Actually I have one last question relating to this thread. Does anyone know a way to 'snap out' of this state?
Thanks again
I had a breakdown due to AS,but at the time I did not know why I suddenly couldn't cope anymore. I left my place of abode one morning and never went back. This meant I had walked away from everything to, and I literally had no control over myself.
This led to me being referred to a clinic and being diagnosed with AS.
Right now I am trying to correct things but everyone now thinks negatively of me.
I've had a couple of nervous breakdowns. I call it regression. It's just when I get so stressed and anxious I completely shutdown and begin to lose skills. The first time it happened I lost a whole lot of skills. The next time I was only set back a bit. Then again I'm still recovering from the first.
When I have metldowns/ shutdowns I do lose functioning and I have a seizure disorder that makes me that way as well. So yeah, you're not alone. It's not something that lasts for two months, it's more like just from an overload of stress and can happen whenever and never usually lasts longer than a day.
Thanks for your post, very enlightening. I think I've had multiple breakdowns and can totally relate to the feeling of Regression.
_________________
R Tape loading error, 0:1
Hypocrisy is the greatest luxury. Raise the double standard
I have had three or so during my life and each time they took longer to snap out of.
When i was at school and changing between primary and secondary it all got too much and i was in hospital with sickness and all because of it.
Then when my dad was terminal arpund sixteen years ago my head just shut down. I walked out of work and couldnt cope. Got signed off for a while but it took me nearly two years to really get better.

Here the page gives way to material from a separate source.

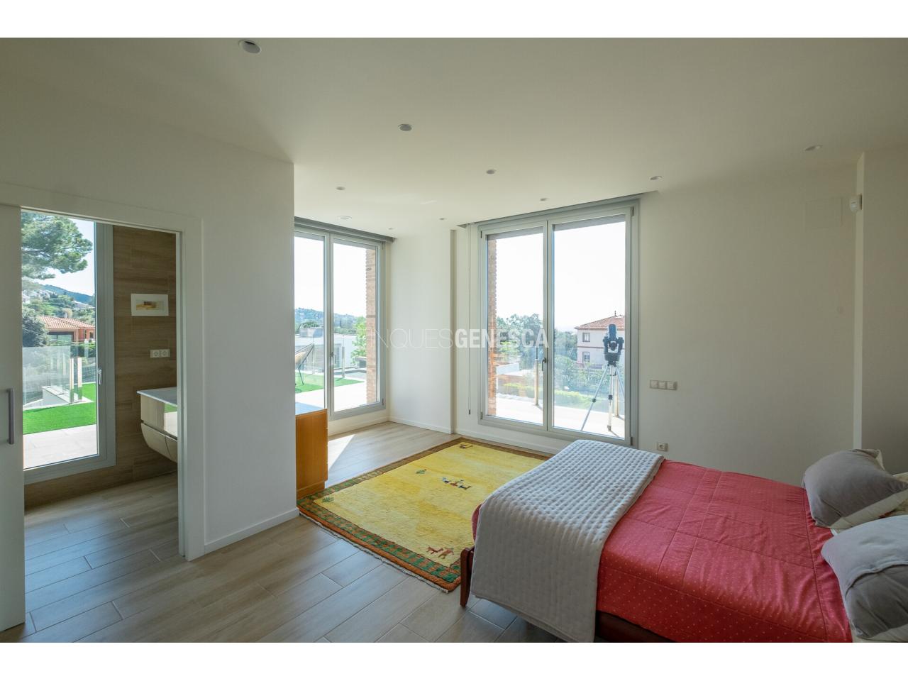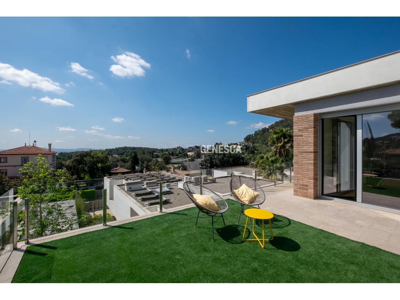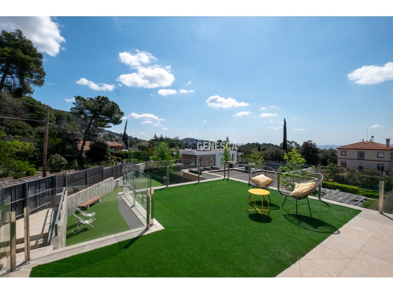 Aquesta magnífica casa unifamiliar destaca per la seva arquitectura moderna, orientació privilegiada (est, sud i oest) i unes vistes excepcionals a Collserola, el Tibidabo i el mar. La propietat té un total de 325 m2 que es distribueix en dues plantes i una parcel.la de 808 m2.

Then about six years ago i had it again panic and anxiety out of no where. Had to walk put of work again and spent months being scared of leaving the house. Took a few years to really recover. Now i am on meds and have had a AS disagnosis i hope i never have them again.
With some meds i just brute forced my way through the symptoms. Tried CBT but didnt work for me at all. Donno if thats cause of the aspergers mind but it just doesnt accept the think different mentality that is needed for it.